A laugh-a-minute funny book from the pen of Paul Hawkins.
Taffney St. Cloud, the statuesque vampire-slaying bombshell introduced in "The Vampirening of Taffney St. Cloud," must defend the suburbs from a brood of younger, edgier vampires even as a swarthy stranger enters her life and her old slaying partner sinks into self-pity following a Lich's bite. Can she revive him? Who is the stranger? And what does it all have to do with the Harvest Moon Ball?
Excerpt:
Taffney had to work in her mother's hair salon. Even people whose job it is to slay vampires and other forms of the undead have to have a day job, because they have to pay for things some way, and at night - well at night, they are busy slaying the undead and it is hard to work a cash register or fast food window or just about anything else when you are busy with that.
And then of course there was the matter of explaining Taffney's sudden transformation by an unexpected but long-foretold unique reaction to a Lich's bite from a somewhat plain, dark-haired, and big-boned girl into a tall and buxom stunning alabaster warrioress, the very anti-thesis of the undead's dark evil - all of which occurred and has been described in the climax of our last adventure. At first her mother tried to explain it by saying she was Taffney's cousin from New Jersey, Taffnina, but no one was buying that and then she said she was her cousin Inga from Sweden and a lot more people seemed to think that that was much more possible, but the trouble was that Taffney could not carry off the accent for more than a sentence or two and everything got all awkward and so after a while they just broke down and admitted that it was Taffney but that her mother had given her the best damned makeover ever, and so in addition to making the lives of all the local undead miserable her transformation ended up boosting business at her mother's hair-and-nails salon quite a bit.
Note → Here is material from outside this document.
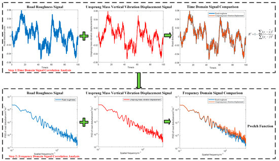 Since road roughness signals are the external excitation causing vehicle vibration, the vertical vibration response of the vehicle is closely related to road roughness [38]. To verify the consistency between road roughness signals and vehicle unsprung vibration response signals, this study will adopt a combined time-domain and frequency-domain approach. The specific verification steps are as follows:

And anyway, Taffney liked working in the salon and she got pretty good at making ladies' nails all fancy with ornate polish and rhinestones on them, and so she had a good career to fall back on in addition to her slayening skills.
But you are not reading this story for information on doing hair and nails, for if you were you would soon find that there are better books out there, some with pictures, and so I proceed to the guts of our story, if you will, and the new threat of Vampirening that descended upon Sunvalleydale more or less in conjunction with the Sunvalleydale Junior College Harvest Moon Ball, and how a new fellow slayer appeared, a compelling distraction to Taffney's affections for her stalwart but moody companion, the 12,000-year-old but twenty-something-looking Watchener Against the Ways of the Wicked, Bradley (who, as we detailed in the last volume, was liable to accidentally lapse into old-man speak over trivial things like his soup being too cold or about the cost of a movie or how kids were so fat these days because they didn't do chores or walk to school).
And so one day while Taffney was working in her mom's salon and had just finished up what she thought was a rather fine fake-nail job with rhinestones and yin-yang symbols, a dark, mysterious, masculine hand suddenly draped itself across her table. She followed the strong hand up to see a swarthy, handsome fellow more or less her own age seated opposite her, rippling with muscles and sporting a pencil-moustache like Errol Flynn and wearing a red shirt made of silk or rayon or some other shiny fabric, and it was mostly unbuttoned so as to show off his fancy gold jewelry. Some of the jewelry consisted of odd menacing twists of metal as if to form runes to ward against evil, but one looked like a unicorn although he immediately and brusquely insisted that it was not, that it was in fact an ancient fell beast far more menacing and mysterious, but she still thought of it as 'that pretty unicorn necklace,' and she resolved to get it from him before their acquaintanceship was over.